[Opening Records for the task section]

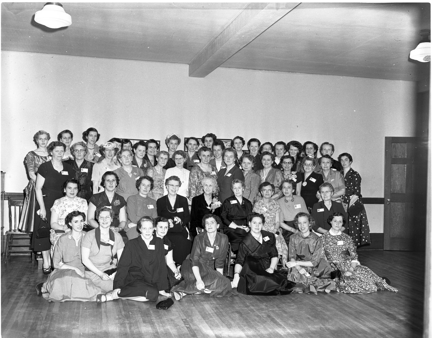 Inter club badminton tournament between Midland Garrison Club and Orillia at the Midland Armory. From Orillia in front row, Helen Richardson, Erma Trask and Shirley Acheson. Midlanders in the back row, Joyce Rutherford, Shirley Thompson, Helen Laidlaw, Grace Edgar, Aileen Shaver and Helen Lewis.
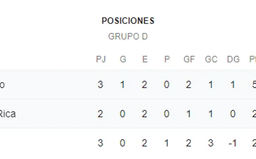 +Así está la tabla de posiciones del Grupo D:
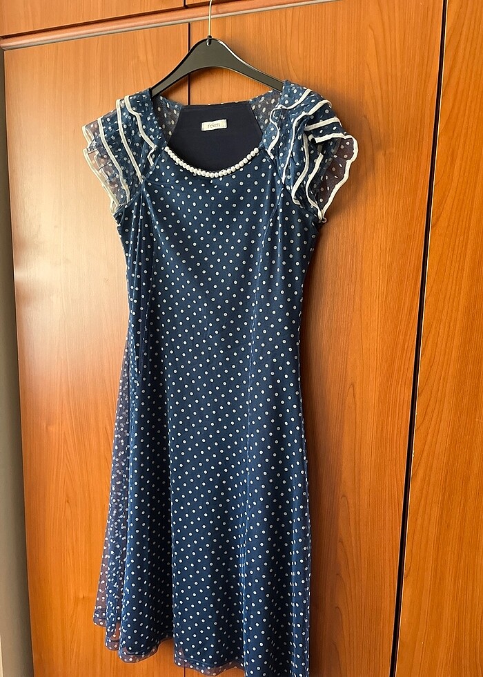 İçi jarse kumaş olup,dış kısmı puantiyeli tülden yapılmış bir elbisedir.Yaka kısmında ve kollarda şık detaylar mevcuttur.Beden küçüklüğünden dolayı satıştadır.
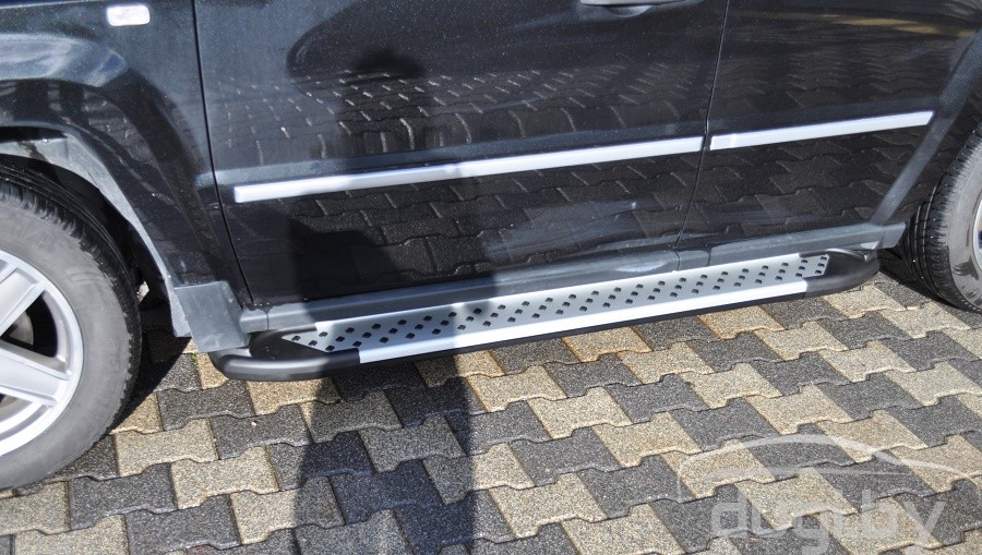 Площадки изготовлены из высококачественного алюминия толщина которого 5см и имеют специальный рельеф противоскольжения по всей поверхности порогов. Подножки просты в установке и не требуют сверления и сварки, в комплекте порогов присутствует схема установки и монтажный комплект креплений.
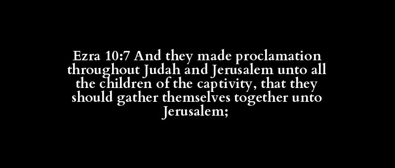 Ezra 10:7 And they made proclamation throughout Judah and Jerusalem unto all the children of the captivity, that they should gather themselves together unto Jerusalem;

[Closing Records for the task section]

→ Task to carry out
When you repeat the data, keep it exact and drop every picture.

→ Exercise solution
 Inter club badminton tournament between Midland Garrison Club and Orillia at the Midland Armory. From Orillia in front row, Helen Richardson, Erma Trask and Shirley Acheson. Midlanders in the back row, Joyce Rutherford, Shirley Thompson, Helen Laidlaw, Grace Edgar, Aileen Shaver and Helen Lewis.
 +Así está la tabla de posiciones del Grupo D:
 İçi jarse kumaş olup,dış kısmı puantiyeli tülden yapılmış bir elbisedir.Yaka kısmında ve kollarda şık detaylar mevcuttur.Beden küçüklüğünden dolayı satıştadır.
 Площадки изготовлены из высококачественного алюминия толщина которого 5см и имеют специальный рельеф противоскольжения по всей поверхности порогов. Подножки просты в установке и не требуют сверления и сварки, в комплекте порогов присутствует схема установки и монтажный комплект креплений.
 Ezra 10:7 And they made proclamation throughout Judah and Jerusalem unto all the children of the captivity, that they should gather themselves together unto Jerusalem;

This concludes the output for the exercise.